I did this by my own for 5 days and already noticed a change.

The trip will start either in Februari or March. The costs will be between 10 to 15 euros a day (for camping & food). The occasional fun stuff we will do (like going to a club etc.) will cost something additional but you're not required to join.

Things you will need and rules.

- Rule 1: No talking about dp/dr.
- Rule 2: No talking about spirituality.
- Rule 3: No talking about psychology.
- Rule 4: Talking about what happened in your past/trauma's or whatever is good and i would like to encourage that.
- Rule 5: No talking about symptoms. You can say I feel extremely bad. But don't say I see blurred vision or whatever because focusing on symptoms is only making it worse.
- You need a backpack, sleeping bag, etc.

You can either send me an email ([email protected]) or call me at +31628579824 to join. Please note that when you join we count on you so think it over carefully. If you really want to get cured join us because there is no magical pill.


----------



## Conscious

Johan, great to see you're pushing forward. Your walk may just be what many of us need.
Such commitment may just be what i require, the need to break from daily family commitments and bring everything to my survival!!
Appreciate the connection.


----------



## lostsoul

Since there weren't enough people that wanted to join there will be a new date for TCW. This date will be the 1st of May. It will be a beautiful trip with lots of sun which will bring positivity. If you want to join send me a SMS with TCW - I JOIN + email on number +31628579824. The trip will continue when there will be at least 5 people that are joining.


----------



## GoneInSpace

Wow I would love to do that. That seems like a great and safe way to tackle this bloody illness.

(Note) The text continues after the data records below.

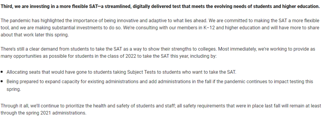 昨晚,就有美国媒体放出消息,预示College Board(CB)美国大学考试中心或将取消SAT II (SAT Subject Test)以及SAT的Essay部分。果然,就在刚刚正式“官宣”,CB除了今年的最后两场考试,也就是2021年5月8日和6月5日,之后将不会再提供。同时,SAT在线考试或将呼之欲出。
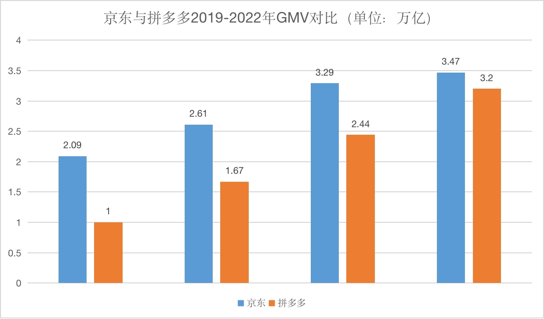 京东与拼多多2019-2022年GMV对比(单位:万亿)拼多多2022年GMV为推测
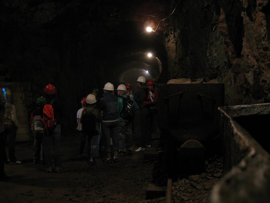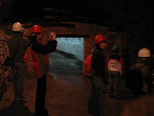 To nasza grupa i przewodnik - tuż po wyjściu z podziemi. Ich ciepłe ubiory są nie bez kozery: w korytarzach panuje nawet w lecie temperatura 7-8 st. C
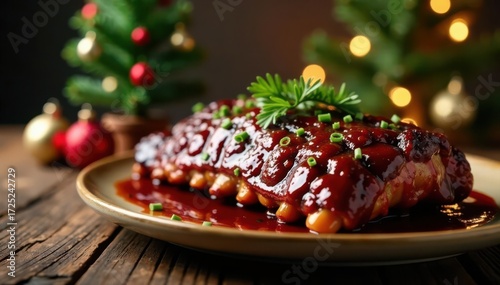 Glazed pork ribs beside miniature Christmas tree & toys , meat, brown, present
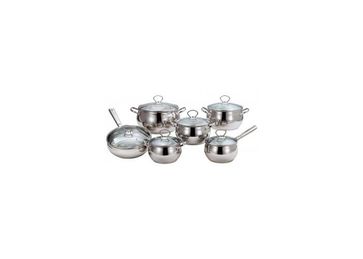 Набор посуды 12 предметов COSTO со стеклянными крышками.Зеркальное полирование.Термоаккумулирующее дно.Ручки из нержавеющей стали. None
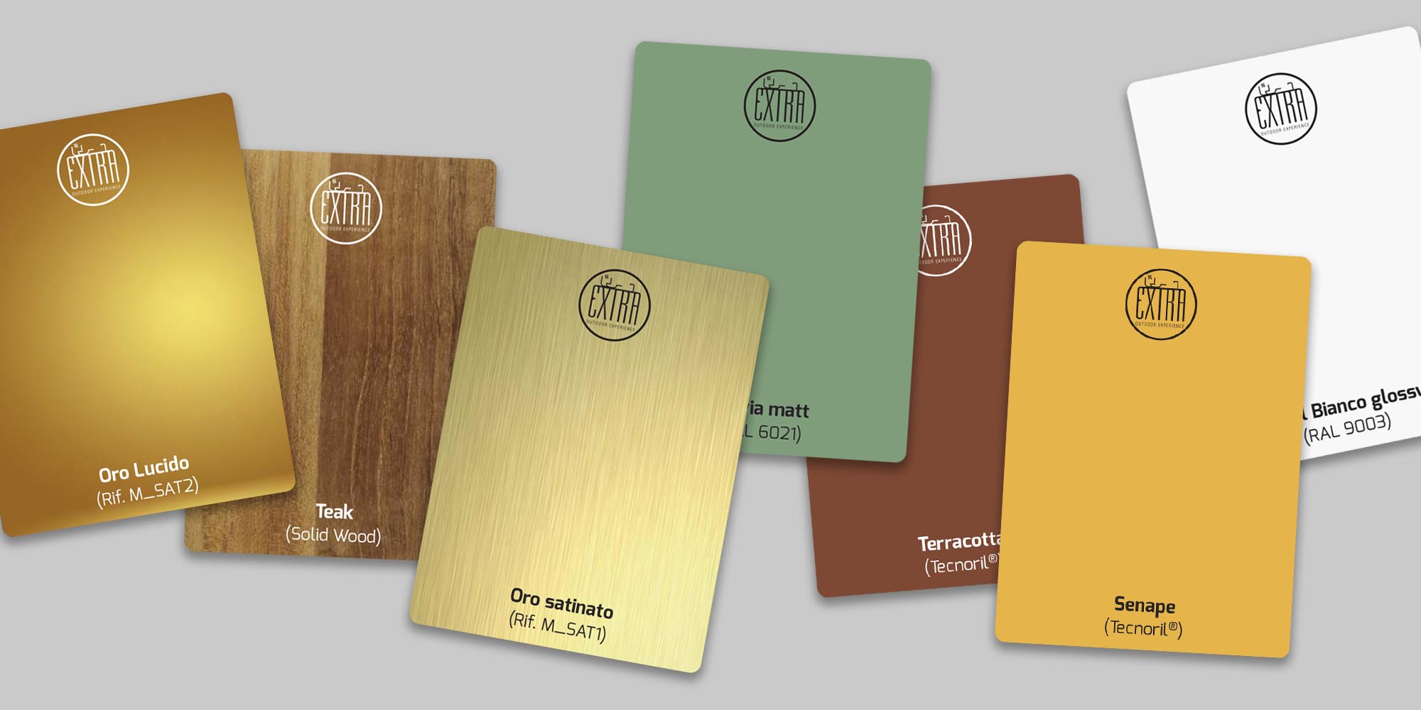 I colori basic di Extra sono verniciati a polvere in finitura opaca e sono, a richiesta personalizzabili in base alla Cartella RAL
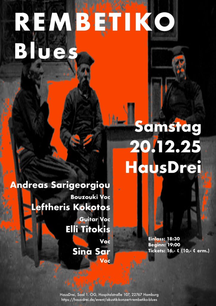 „REMBETIKO Blues“ bringt den Klang der griechischen Subkultur auf die Bühne. Am 20. Dezember könnt ihr im HausDrei in die Welt dieser einzigartigen Musik eintauchen – zwischen Tradition, Melancholie und Lebensfreude.
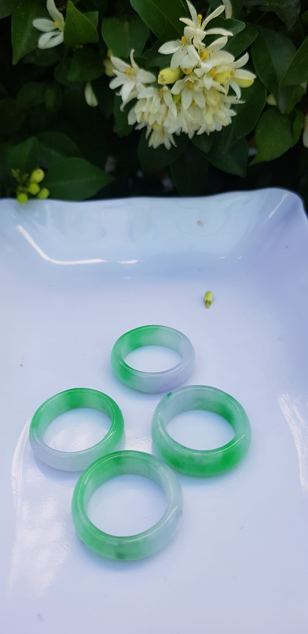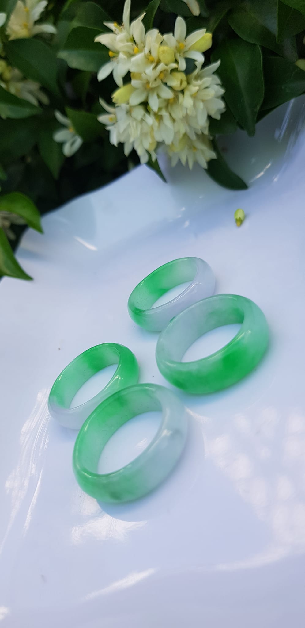 Nhẫn đeo tay nữ đá cẩm thạch tự nhiên Màu xanh lý tươi trắng bóng rất đẹp Nhẫn Ni 17mm x cao 6mm/7mm ạ
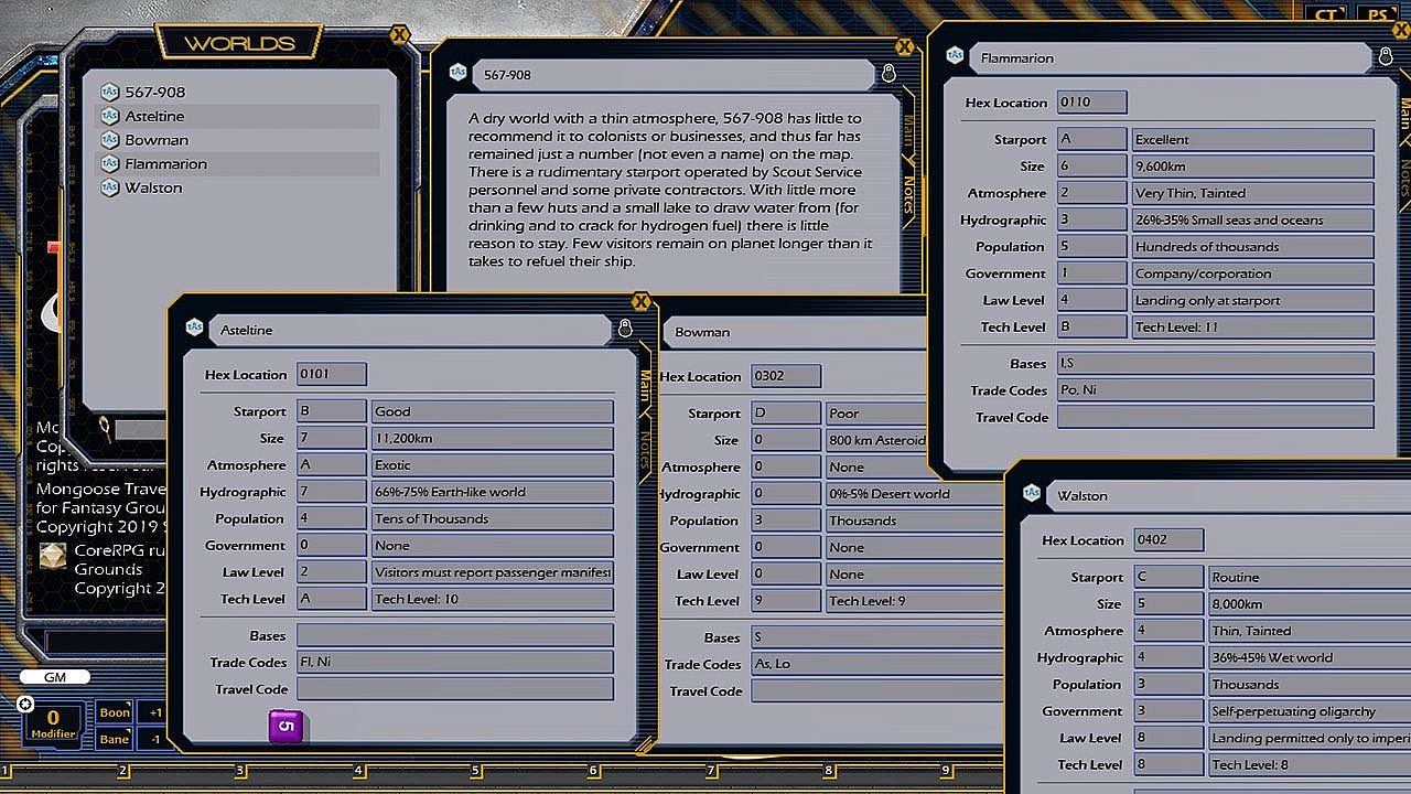 Requires: An active subscription or a one time purchase of a Fantasy Grounds Full or Ultimate license and a one time purchase of the Traveller 2E (Mongoose) ruleset.
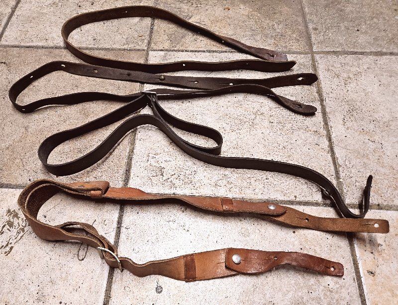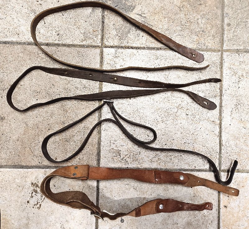 an der 3 Position am Foto ist ein M95 Riemen aus der Mitte des WK1; dieser noch mit etwas dickerem Leder und zum Verstellen mit einer Schiebeschnalle bzw.
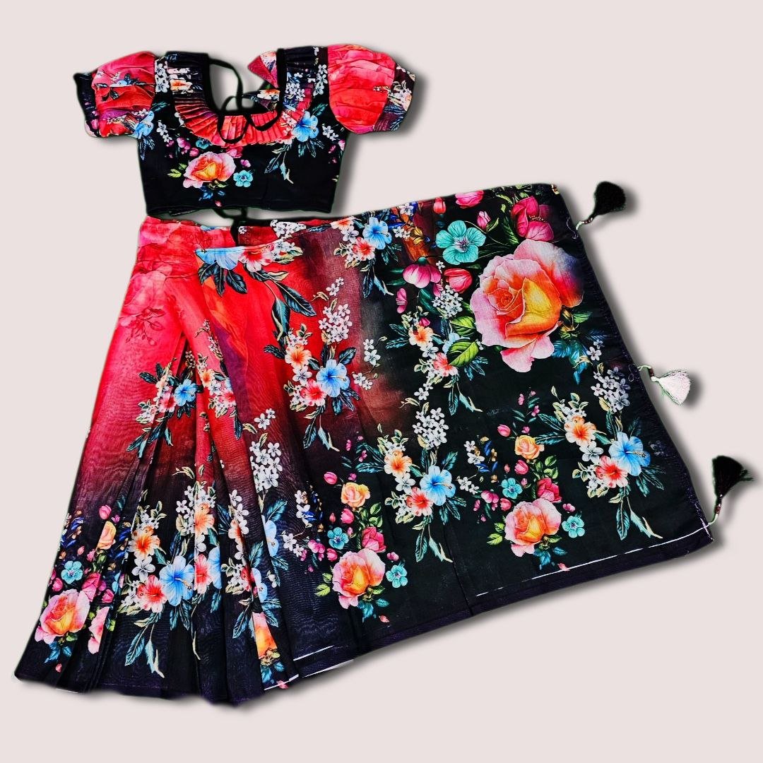 বাচ্চাদের লাল কালো সুতির রেডি শাড়ি
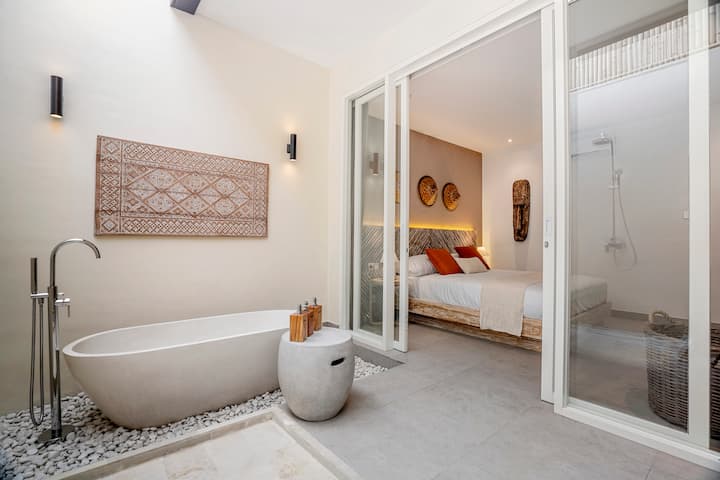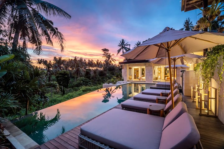 Fordyb dig i naturen, Balis skønhed og de beroligende lyde omkring dig. For solnedgang vil du få de smukkeste farver i nærheden og kan nyde det i det udendørs loungeområde ved poolen eller endda fra det store panoramavindue i et af soveværelserne.

Unfortunately I live in Canada and have no money...lol...but man, what a great idea!

Good luck!


----------



## Surfingisfun001

johan did you even end up going on this walk?


----------



## lostsoul

Lol  nope.. not enough people :?


----------



## Surfingisfun001

That is a shame. Maybe it will work out sometime in the future because I would still be interested in doing something like this.


----------



## lostsoul

hmm.. perhaps you can send me your email (to [email protected]) and as soon as we both can we might do this walk together in the future... would be a lot of fun probably, better then staying in front of the computer all day for sure


----------



## Surfingisfun001

Indeed. My e-mail is [email protected]. Would be very fun.


----------



## Robsy

Damn had I had logged in earlier I would have loved to have done this journey. As a gift to myself. Im so gutted I missed it, I hope all that went benefited from it greatly.

Much love and resepct.

Robyn x


----------



## alphaman

The walk is a great idea. I believe (maybe wrong) there was a pilgrimage route from britain to spain.... ppl have been doing this a long time.


----------



## redencounter

I would LOVE to join this walk but I live in the U.S. and don't have enough money to travel there ;/


----------



## AntiSocial

Yeah that sounds like it would be alot of fun. Too bad im from Canada and mad broke so i cant do it


----------



## Tenken

I would go only problem is im in USA


----------



## AntiSocial

anyone from canada want to do something like this?


----------



## Surfingisfun001

Matt I do - do you want to do something like this... OMG I got it - lets walk all the way from Canada to the tip of south America, you game?


----------



## Robsy

i'll swim the english channel, meet u guys in canada then walk with u to south america, easy peasy lemon squeezy x


----------



## Surfingisfun001

wow wow wow, that's like a triathalon there. i've always wanted to hitchhike either across america or europe as well. id probably get killed if i did it in europe (at least eastern europe, don't know much about other parts), and even so in america is still possible. oh well, sounds really fun, anyone wana hitchhike with me?


----------



## Ecorvi

It's a cool project. For the moment, I'm in my work period but I still thinking in it when I 'll have time.
Chris, from Belgium


----------



## Surfingisfun001

Cool, lets go, we can take my truck...


----------



## Rein

:lol: hahaha Thats so cool 8)


----------



## bums

Damn I wish i could join you. I'm only 15 and my parents have no idea I have DP plus I live in england.


----------



## sneaker

Hi,

I know this thread is a bit old but I think this would be a great idea. I am in the UK but I think if you are in Canada, USA or anywhere else maybe you could organise these in your own countries too. Maybe we could get people to sponsor us for doing it and donate the money to mental health charities or something like that. We could probably get local media involved to cover it which might help to raise the profile of DP/DR, something I know has been mentioned in a couple of other threads on this site. Just a thought but I would be up for it.


----------



## sjkdfjsdlf

what about starting a commune? :lol: It would be pretty amazing to be surrounded by people who've felt the same "abnormal" things as you


----------



## today

I'd love to do a walk, wherever it is. Maybe not necessarily to *cure* it, but just to talk a really long walk devoted to the issue. If there's some fundraising involved, especially to get my brain imaged (as it has never ever been) I'd be even more enthusiastic. I have no health insurance.


----------



## brokenheart

Awh I need this, but too bad its all the way there. 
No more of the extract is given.